Problem statement: An exact copy is needed of the lines from the one that contains "Crystal Long Cube" through the final line of the data below, with pictures left out.

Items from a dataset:
----

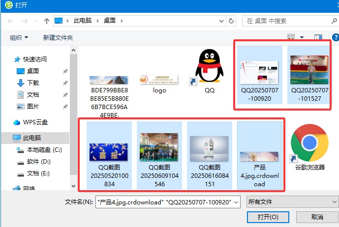 4.在彈出的頁面中,選擇多張圖片時需按住ctrl,再選擇多張圖片,選中的圖片會呈現(xiàn)藍(lán)色,點擊右下角【打開】,即多張圖片同時上傳到后臺
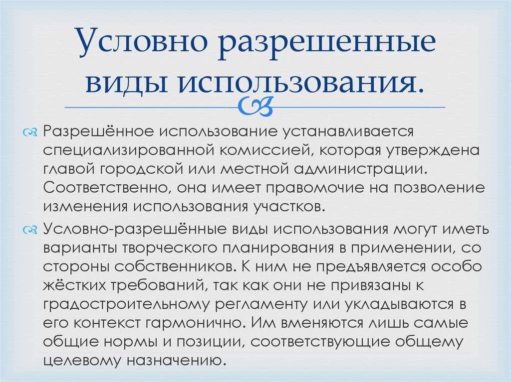Условно разрешенная разновидность имеет своей функцией дополнение категорий и разрешенного пользования. Внесение дополнений требуется при невозможности составить классификатор, включающий все случаи из жизни.
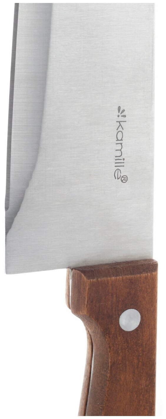Отзывы на Нож кухонный поварской Kamille KM 5306 из нержавеющей стали с деревянной ручкой (20 см. / серебристый)
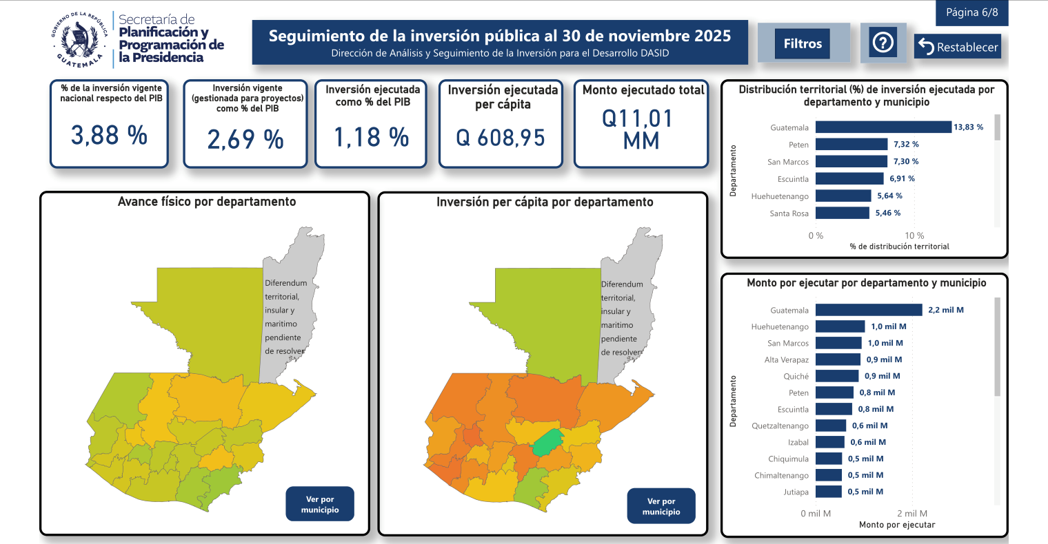 Toda la información que se encuentra en el tablero proviene del Sistema de Contabilidad Integrada (Sicoin), el Ministerio de Finanzas Públicas (Minfin) y el SNIP.
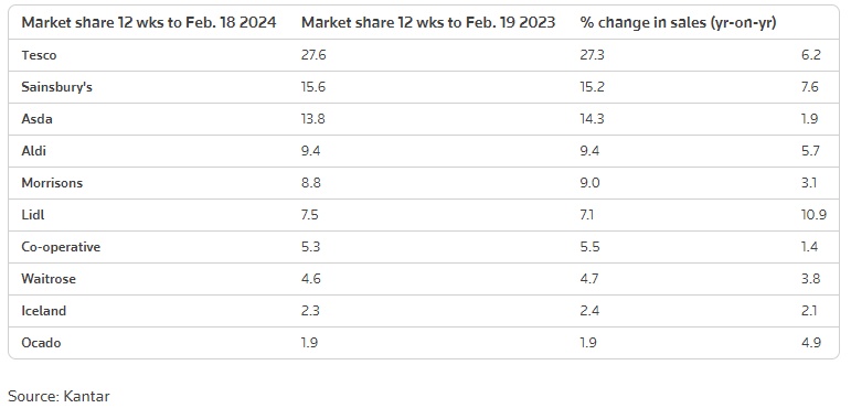 该机构表示,Lidl连续第六个月成为英国增长最快的杂货商,在截至2月18日的12周内,销售额增长了10.9%。Sainsbury's的增长速度第二快,销售额增长了7.6%,而市场领导者Tesco的销售额增长了6.2%。Asda和Morrisons再次落后,分别增长1.9%和3.1%。
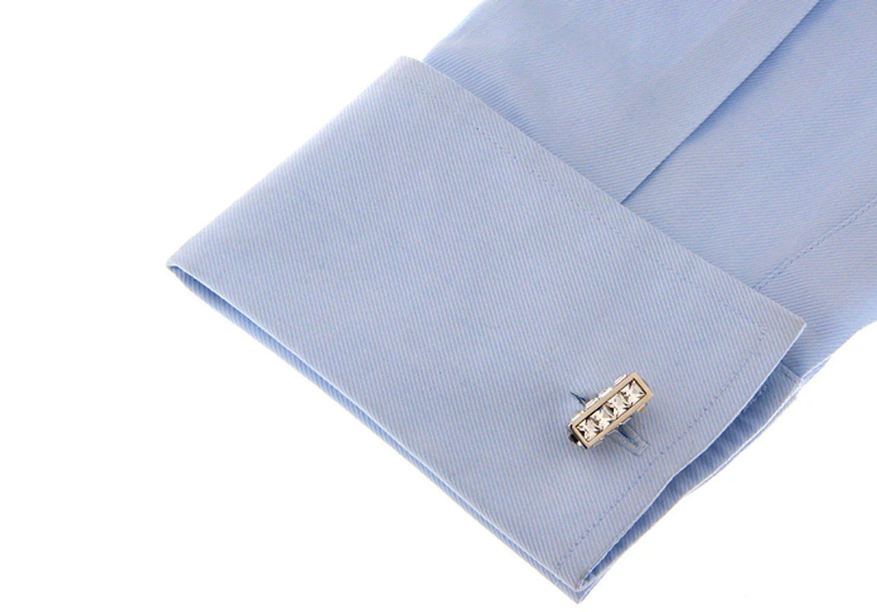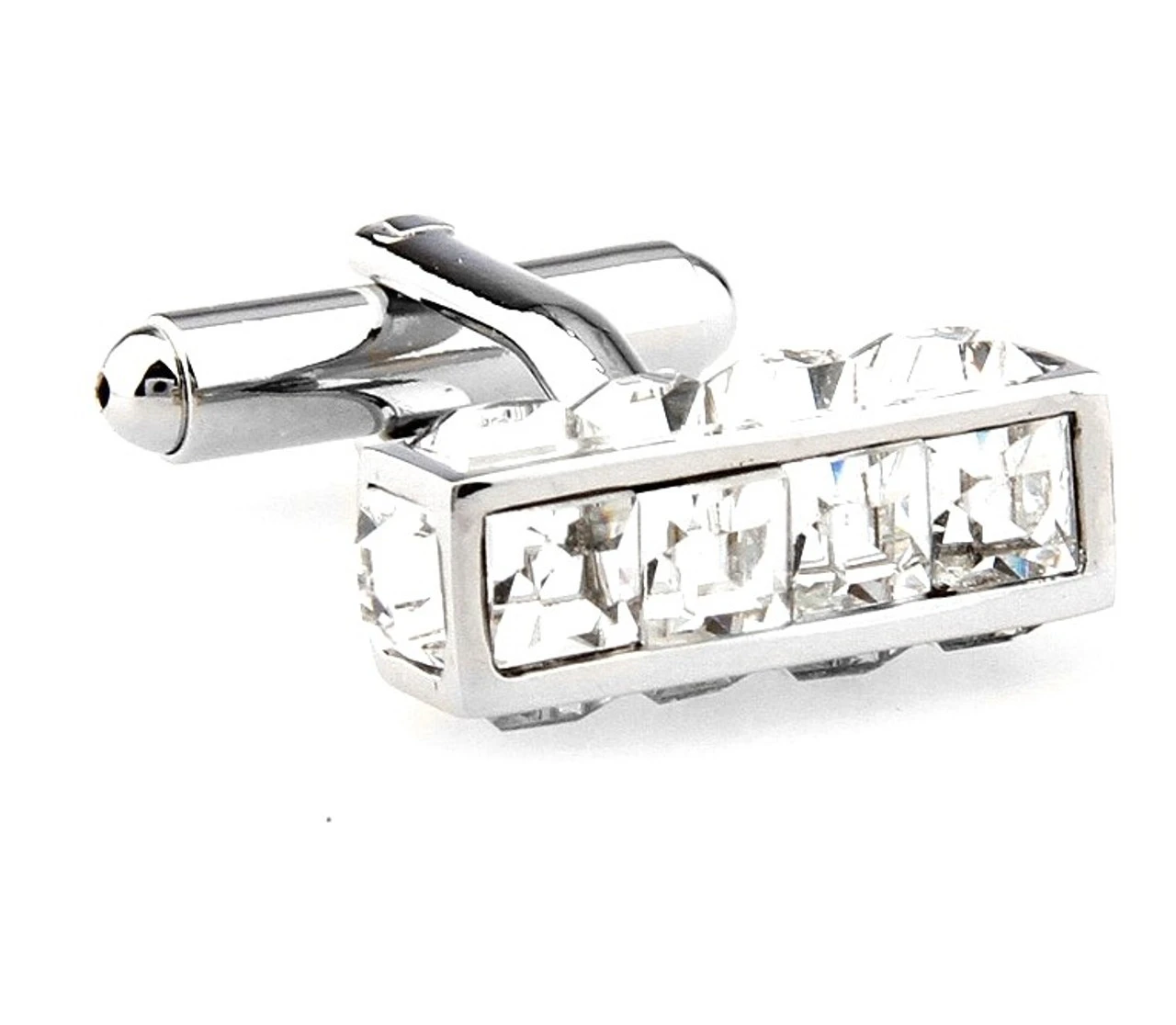Crystal Long Cube With Square Crystals Cufflinks (V-CF-C7708C)
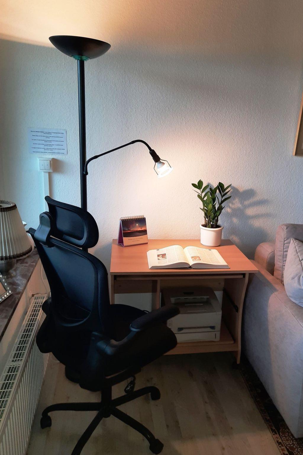 Inside, the flat impresses with meticulous furnishings that leave nothing to be desired. It offers two bedrooms - one with two box-spring beds and a sofa bed, the second with two further box-spring beds, so that up to six people can be accommodated comfortably. For your comfort, we offer plenty of wardrobes and storage space. In the living room, a cosy upholstered suite invites you to relax, which also serves as a sleeping area for two people. If required, you can use the existing desk with office chair and b/w laser printer for home office days. A fully equipped fitted kitchen with dishwasher and a small counter including three bar stools is also available, as is free WiFi.
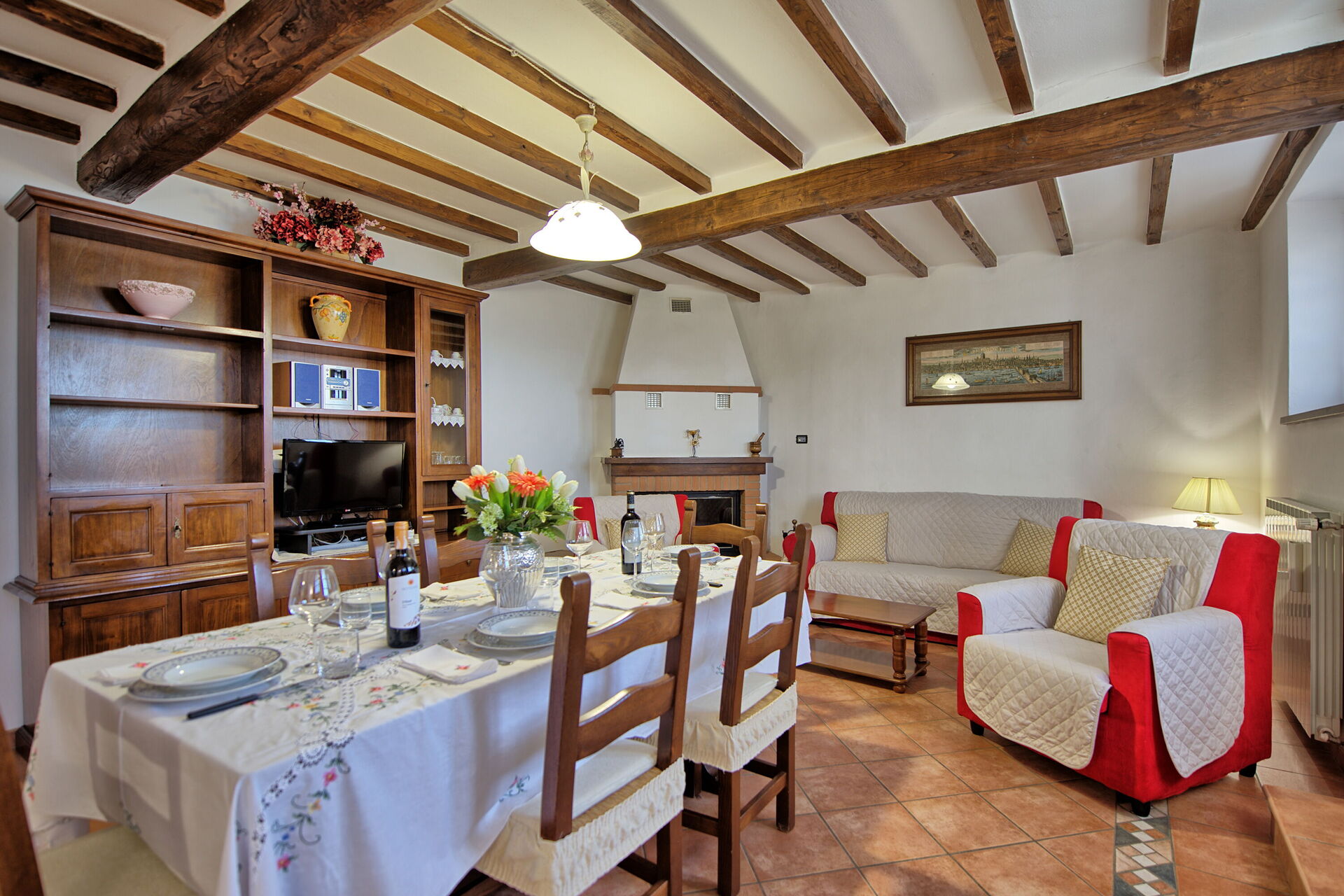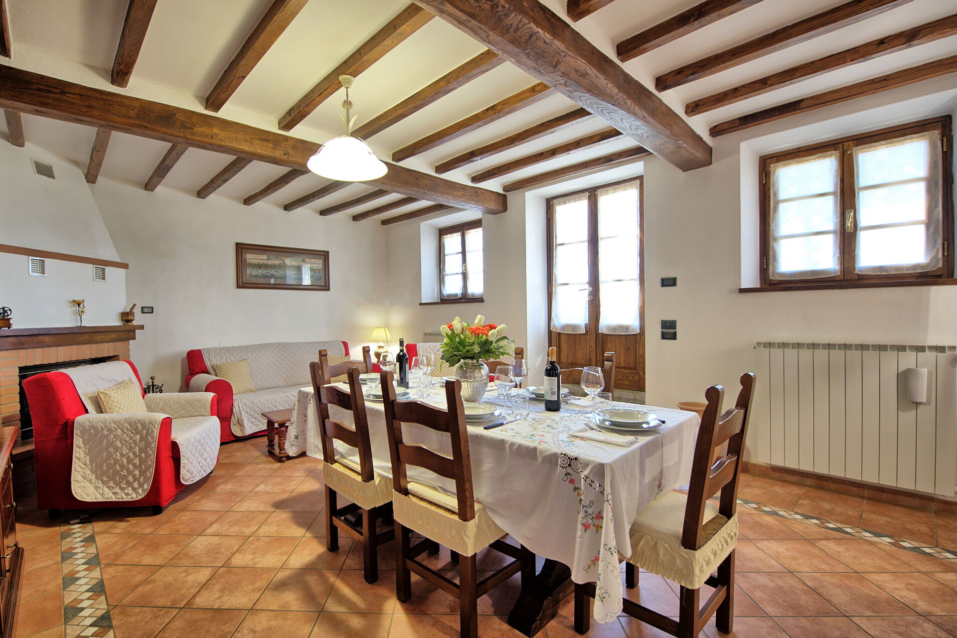 The villa offers comfortable interiors furnished in a rustic style and provide a private furnished outdoor area. A secondary road connecting the small villages on the hills surrounding Cortona passes nearby.

----

Reply to the task:
Crystal Long Cube With Square Crystals Cufflinks (V-CF-C7708C)
 Inside, the flat impresses with meticulous furnishings that leave nothing to be desired. It offers two bedrooms - one with two box-spring beds and a sofa bed, the second with two further box-spring beds, so that up to six people can be accommodated comfortably. For your comfort, we offer plenty of wardrobes and storage space. In the living room, a cosy upholstered suite invites you to relax, which also serves as a sleeping area for two people. If required, you can use the existing desk with office chair and b/w laser printer for home office days. A fully equipped fitted kitchen with dishwasher and a small counter including three bar stools is also available, as is free WiFi.
 The villa offers comfortable interiors furnished in a rustic style and provide a private furnished outdoor area. A secondary road connecting the small villages on the hills surrounding Cortona passes nearby.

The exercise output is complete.